=== Assignment ===
The data below should be retyped exactly, with the pictures left out.

=== Given data ===
======

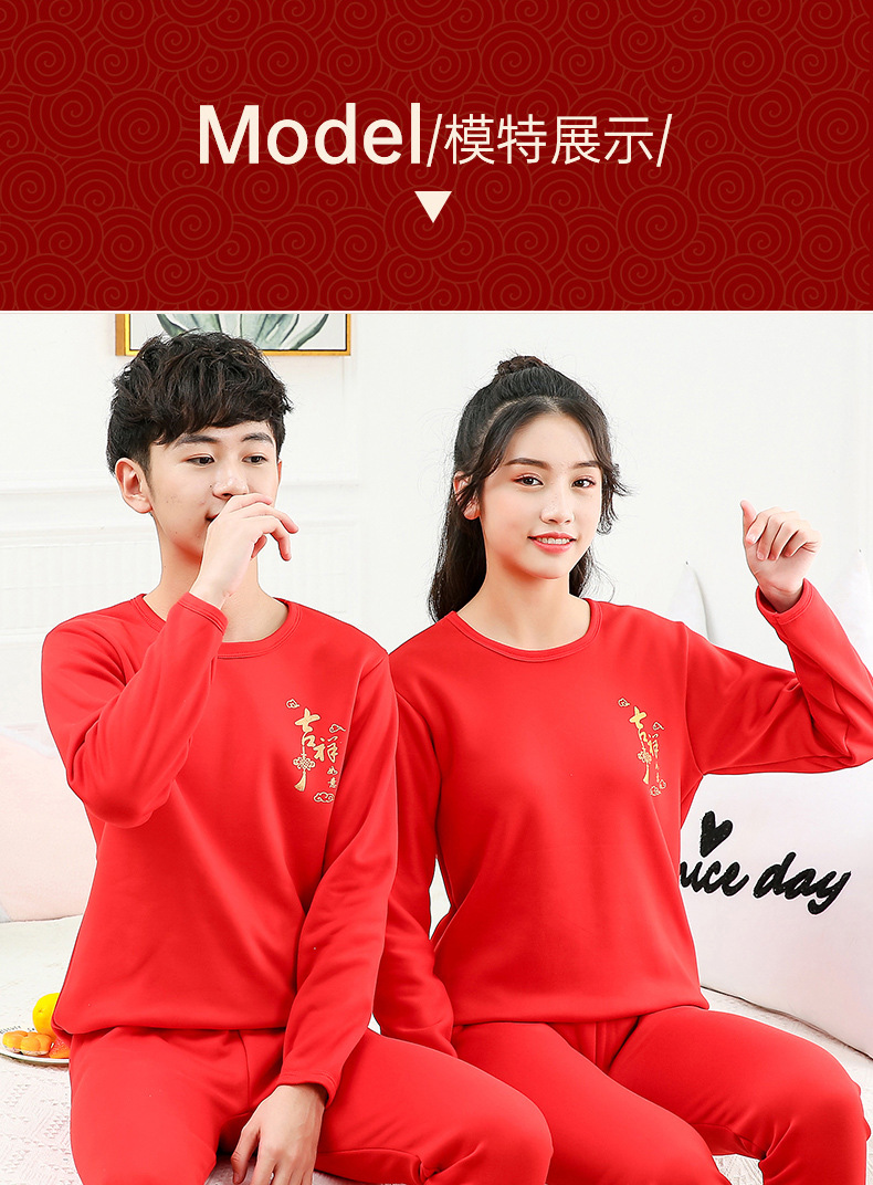 소년 소녀를위한 어린이 가을 옷과 바지 기모 레드 라이프 년 잠옷 홈 옷 가을과 겨울 청소년 열 속옷스토어 가기
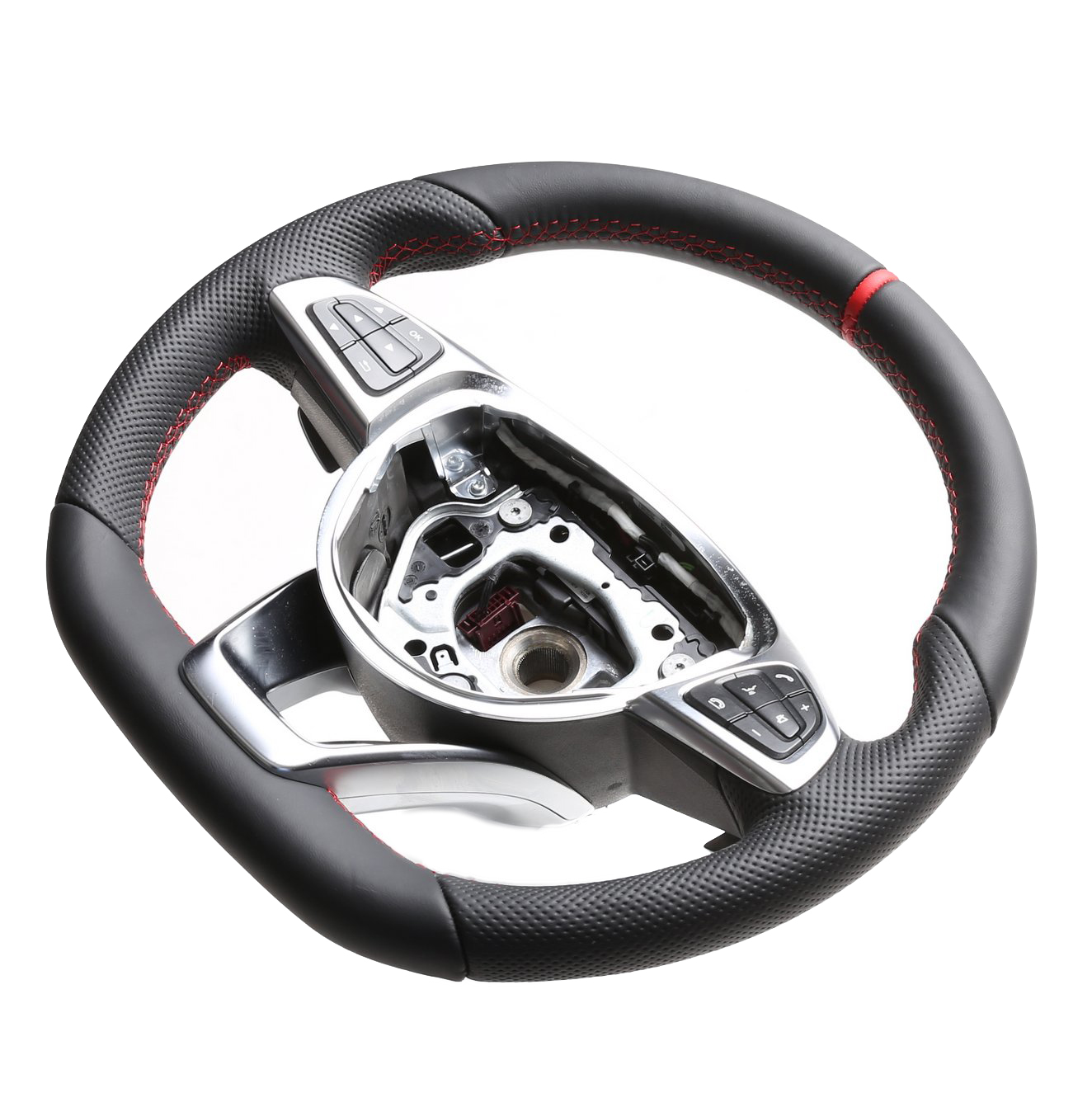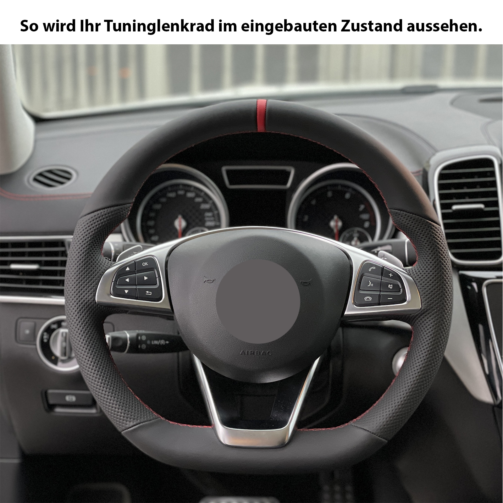 Produktinformationen "Mercedes Lenkrad B CLS GLC SLK Klasse W246 C218 X253 R172 Kombibezug 12 Uhr Markierung rot Naht rot"
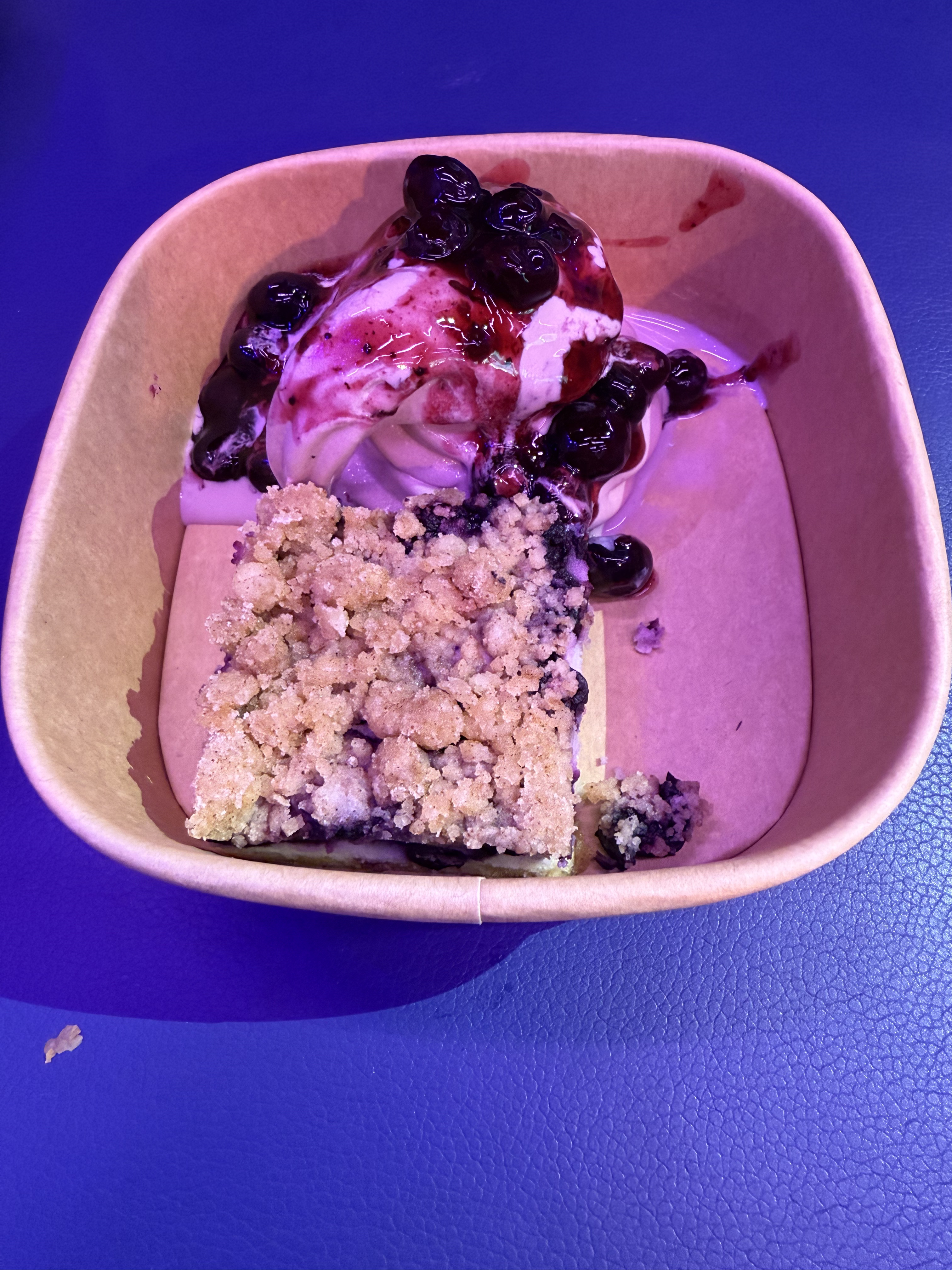 Blueberry Crumble Cake with Blueberry-Lemon Zest Soft-Serve Ice Cream and Blueberry Compote – $4.75

======

=== Answer for this exercise ===
 소년 소녀를위한 어린이 가을 옷과 바지 기모 레드 라이프 년 잠옷 홈 옷 가을과 겨울 청소년 열 속옷스토어 가기
 Produktinformationen "Mercedes Lenkrad B CLS GLC SLK Klasse W246 C218 X253 R172 Kombibezug 12 Uhr Markierung rot Naht rot"
 Blueberry Crumble Cake with Blueberry-Lemon Zest Soft-Serve Ice Cream and Blueberry Compote – $4.75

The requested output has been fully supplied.